Action item: Skip the pictures and write out, word for word, the lines below from the one with "Fabricado com fios" through the one with "Демисезонная шапка для", inclusive.

Records:
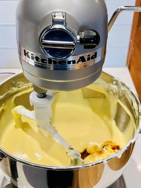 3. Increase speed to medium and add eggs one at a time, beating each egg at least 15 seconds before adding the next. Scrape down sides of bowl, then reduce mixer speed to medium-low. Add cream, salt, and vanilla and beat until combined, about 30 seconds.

...

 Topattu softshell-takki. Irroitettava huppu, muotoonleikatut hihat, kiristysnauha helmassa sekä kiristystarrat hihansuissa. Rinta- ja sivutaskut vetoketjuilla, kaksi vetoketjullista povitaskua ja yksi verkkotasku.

--

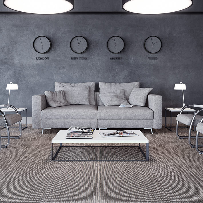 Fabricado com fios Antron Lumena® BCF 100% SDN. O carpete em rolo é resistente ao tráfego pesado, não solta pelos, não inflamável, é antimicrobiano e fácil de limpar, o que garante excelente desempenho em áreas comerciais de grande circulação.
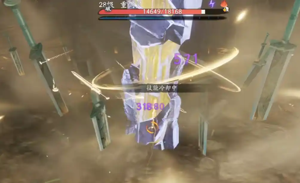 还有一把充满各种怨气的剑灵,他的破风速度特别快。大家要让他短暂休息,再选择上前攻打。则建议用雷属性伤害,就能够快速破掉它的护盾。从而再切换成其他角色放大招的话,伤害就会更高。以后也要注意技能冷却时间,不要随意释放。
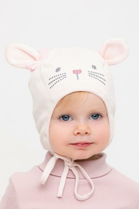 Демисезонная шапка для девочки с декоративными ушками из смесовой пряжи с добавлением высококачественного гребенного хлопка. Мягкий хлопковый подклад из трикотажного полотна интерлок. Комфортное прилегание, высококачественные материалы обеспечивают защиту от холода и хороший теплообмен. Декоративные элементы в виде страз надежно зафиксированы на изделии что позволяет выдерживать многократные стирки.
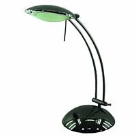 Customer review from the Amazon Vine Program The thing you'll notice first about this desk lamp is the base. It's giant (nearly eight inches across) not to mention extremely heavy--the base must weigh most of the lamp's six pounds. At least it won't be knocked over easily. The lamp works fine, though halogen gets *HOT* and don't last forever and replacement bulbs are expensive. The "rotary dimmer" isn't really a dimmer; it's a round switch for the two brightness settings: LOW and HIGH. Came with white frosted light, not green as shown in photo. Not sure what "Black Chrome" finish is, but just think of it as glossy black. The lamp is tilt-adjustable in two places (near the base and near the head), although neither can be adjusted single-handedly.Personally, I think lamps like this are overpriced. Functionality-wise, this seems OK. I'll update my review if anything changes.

Solution for this task:
 Fabricado com fios Antron Lumena® BCF 100% SDN. O carpete em rolo é resistente ao tráfego pesado, não solta pelos, não inflamável, é antimicrobiano e fácil de limpar, o que garante excelente desempenho em áreas comerciais de grande circulação.
 还有一把充满各种怨气的剑灵,他的破风速度特别快。大家要让他短暂休息,再选择上前攻打。则建议用雷属性伤害,就能够快速破掉它的护盾。从而再切换成其他角色放大招的话,伤害就会更高。以后也要注意技能冷却时间,不要随意释放。
 Демисезонная шапка для девочки с декоративными ушками из смесовой пряжи с добавлением высококачественного гребенного хлопка. Мягкий хлопковый подклад из трикотажного полотна интерлок. Комфортное прилегание, высококачественные материалы обеспечивают защиту от холода и хороший теплообмен. Декоративные элементы в виде страз надежно зафиксированы на изделии что позволяет выдерживать многократные стирки.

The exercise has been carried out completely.